**Work order**
The line with "Bunch of girls" marks the first line to copy, and the line with "ويجوز للجنب: أن" marks the last. Transcribe that stretch of the data below exactly, without pictures.

---------- The data ----------

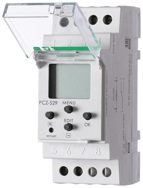 Реле времени PCZ-529 16А 24-264В AC/DC 1 перекл. IP20 годовое канал-100 пар включ./выключ. монтаж на DIN-рейке F&F EA02.002.007 Евроавтоматика
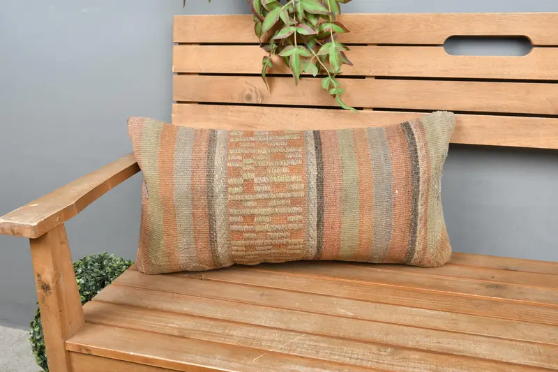 Orange & Green Southwestern Throw Pillow, Handmade Rectangular Pillow
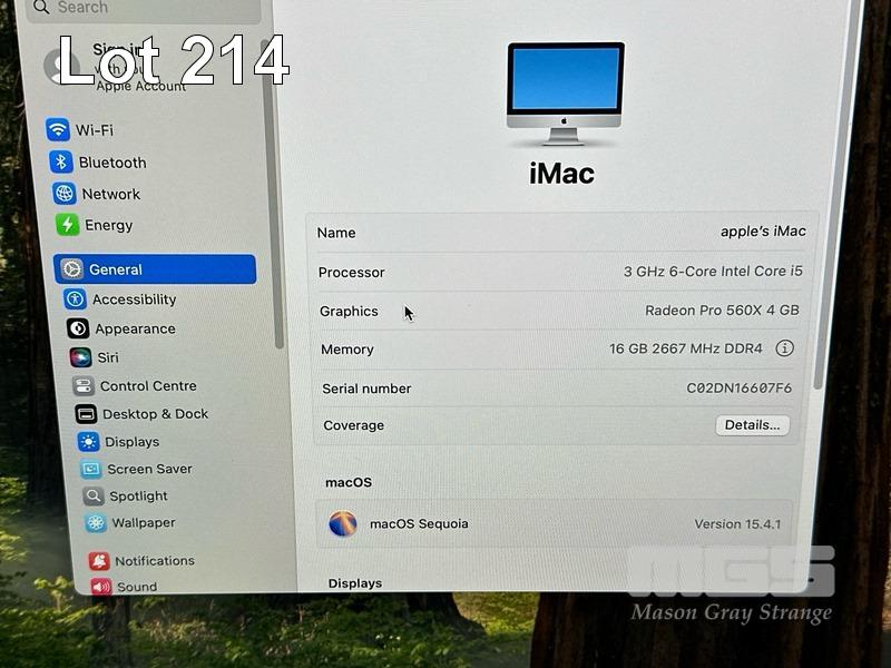 APPLE iMAC (A2116), CORE i5 8500 (8TH GEN) @ 3GHz, 16GB DDR4 RAM, 512GB SSD, BUILT-IN 21.5" RETINA DISPLAY (4096x2304), 4GB RADEON PRO 560X VIDEO, Wi-Fi, BLUETOOTH, MAC OS 15 INSTALLED, APPLE KEYBOARD & KENSINGTON MOUSE S/N:C02DN16607F6
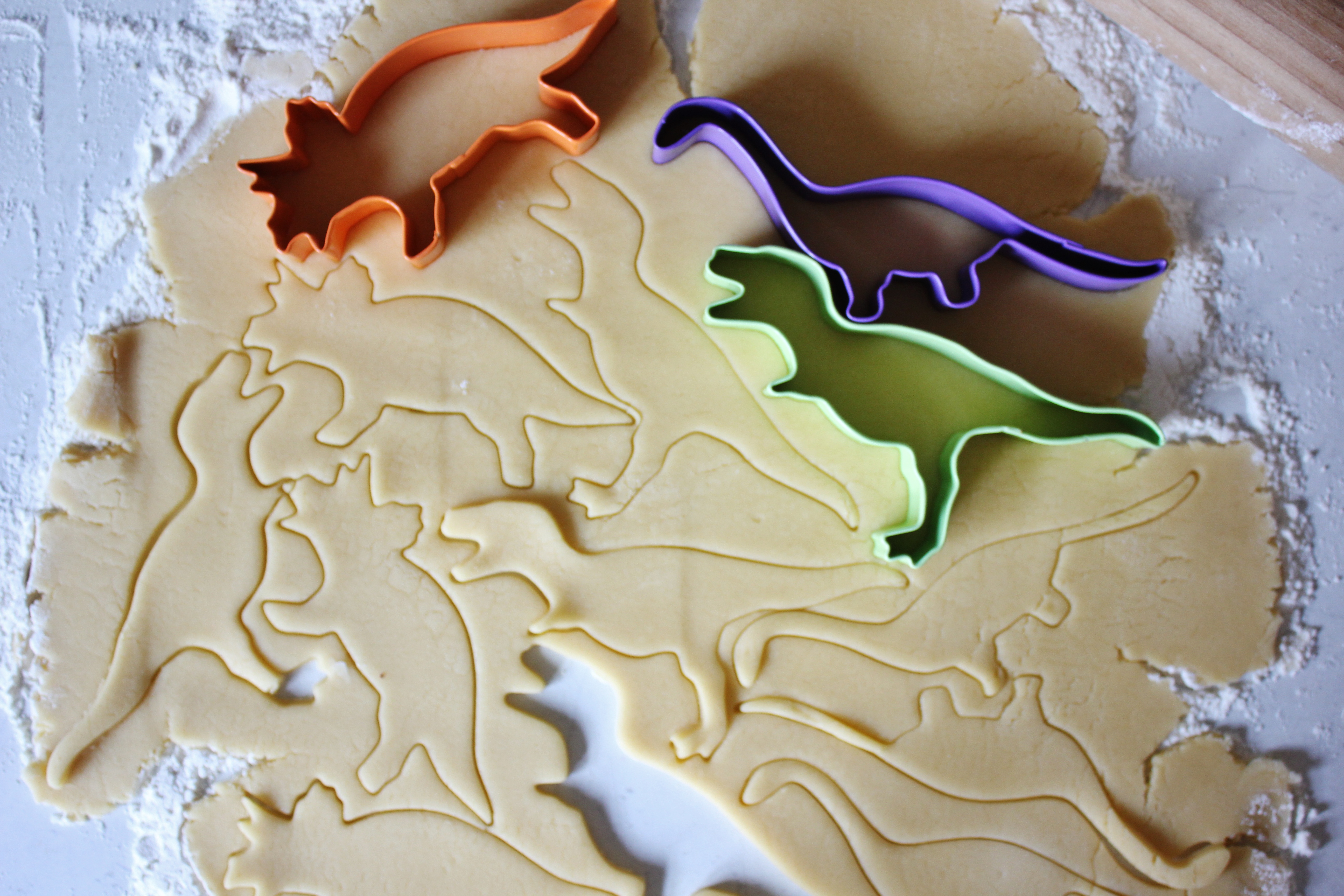 I kept these biscuits quite thin because I figure that kids (and adults!) are going to be eating enough sweets around Halloween, and you don’t want them to overdo it on the sugar! You can roll this mixture out to whatever thickness you want, it holds its shape well. If you don’t have dinosaur biscuit cutters, use whatever shapes you have. Make spooky ginger bread men, or use a tumbler to cut out circles and decorate them like eyeballs.
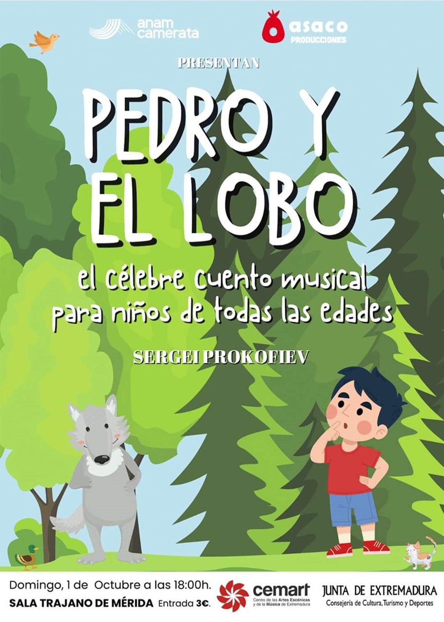 La joven agrupación sinfónica extremeña ‘Anam Camerata’ nos ofrecerá su versión de “Pedro y el Lobo, de S. Prokofiev. El cuento musical más famoso de todos los tiempos narra las peripecias del intrépido Pedro, que, con la ayuda de un gato, un pájaro y un pato, intentan atrapar a un lobo. Está escrita de forma que cada personaje de la historia tiene asignado un instrumento y un tema musical: Pedro (instrumentos de cuerda: violín, violas, violonchelos y contrabajo), su Abuelo (el fagot), el Pájaro (la flauta traversa), el Pato o Ganso (el oboe), el Gato (el clarinete), El Lobo (3 cornos) y los Cazadores (timbales y el bombo). Una producción de Asaco Producciones
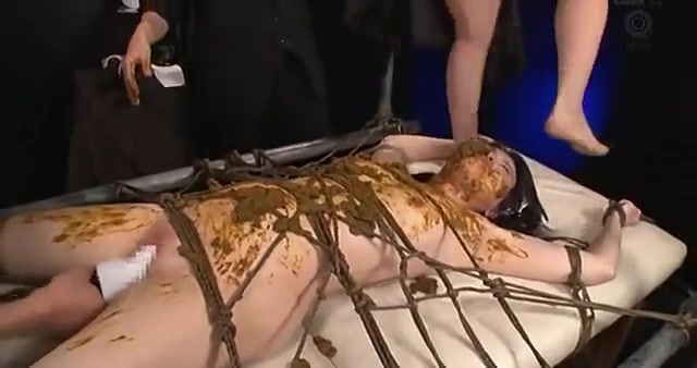Bunch of girls and boys are smearing poop on a bondaged teen. They tied her on a wooden table so she can't move.
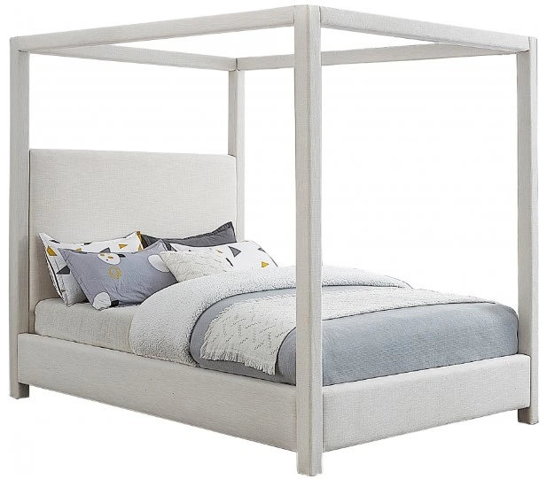 Get plenty of Z's when you sleep in this Emerson cream linen textured fabric queen bed. This canopy bed is fit for a queen, with four posts providing a luxurious frame for your mattress. Its mid-century modern design and rich cream linen textured fabric gives the bedframe a cozy feel.Read More
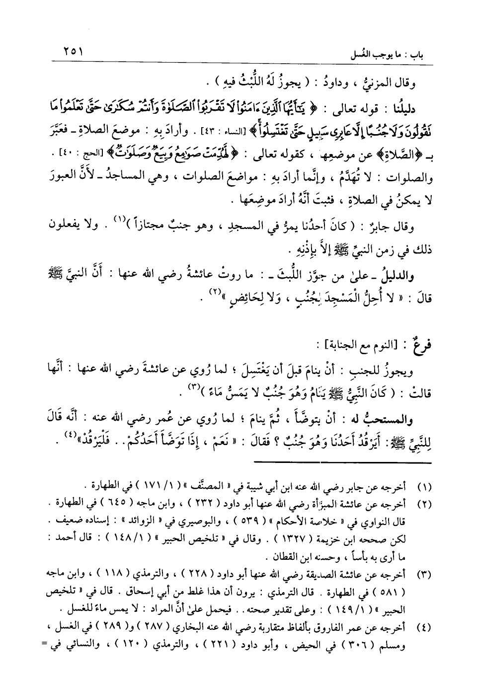 ] : ويجوز للجنب: أن ينام قبل أن يغتسل؛ لما روي عن عائشة - رَضِيَ اللَّهُ عَنْهَا -: أنَّها قالت: «كان النبي - صَلَّى اللَّهُ عَلَيْهِ وَسَلَّمَ - ينام وهو جنبٌ لا يمس ماء» .
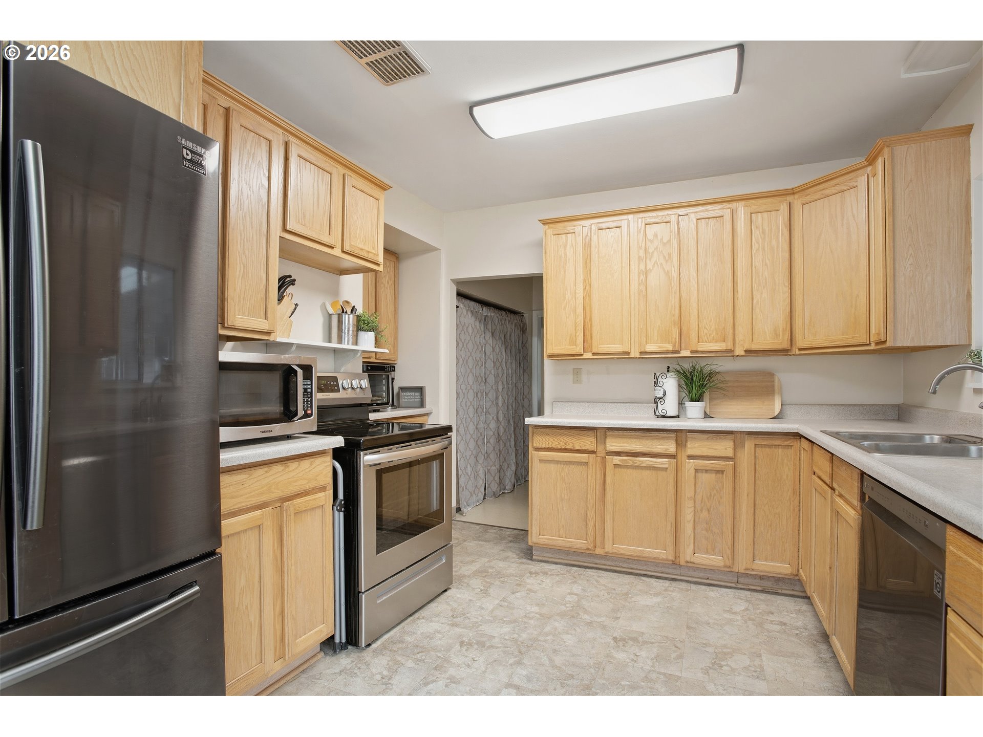 Wonderful location with a large, private lot! This home was originally a THREE BEDROOM and can easily be converted back to fit your needs.The spacious kitchen offers ample cabinet and counter space, with appliances that are less than four years old. The primary suite features its own private bathroom and two closets. Extra large family room area. The roof is less than 10 years old, and a NEW heat pump was installed in 2024. Additional updates include updated plumbing and water lines (2012), NEW vapor barrier installed in 2021 and brand-NEW attic insulation in 2026.Outside, you’ll find a detached two-car garage with plenty of storage, ample parking with room for your RV and a fully fenced yard with a gated driveway. The covered patio is perfect for outdoor entertaining year-round. This is the one you’ve been waiting for!

----------

**Result for this task**
Bunch of girls and boys are smearing poop on a bondaged teen. They tied her on a wooden table so she can't move.
 Get plenty of Z's when you sleep in this Emerson cream linen textured fabric queen bed. This canopy bed is fit for a queen, with four posts providing a luxurious frame for your mattress. Its mid-century modern design and rich cream linen textured fabric gives the bedframe a cozy feel.Read More
 ] : ويجوز للجنب: أن ينام قبل أن يغتسل؛ لما روي عن عائشة - رَضِيَ اللَّهُ عَنْهَا -: أنَّها قالت: «كان النبي - صَلَّى اللَّهُ عَلَيْهِ وَسَلَّمَ - ينام وهو جنبٌ لا يمس ماء» .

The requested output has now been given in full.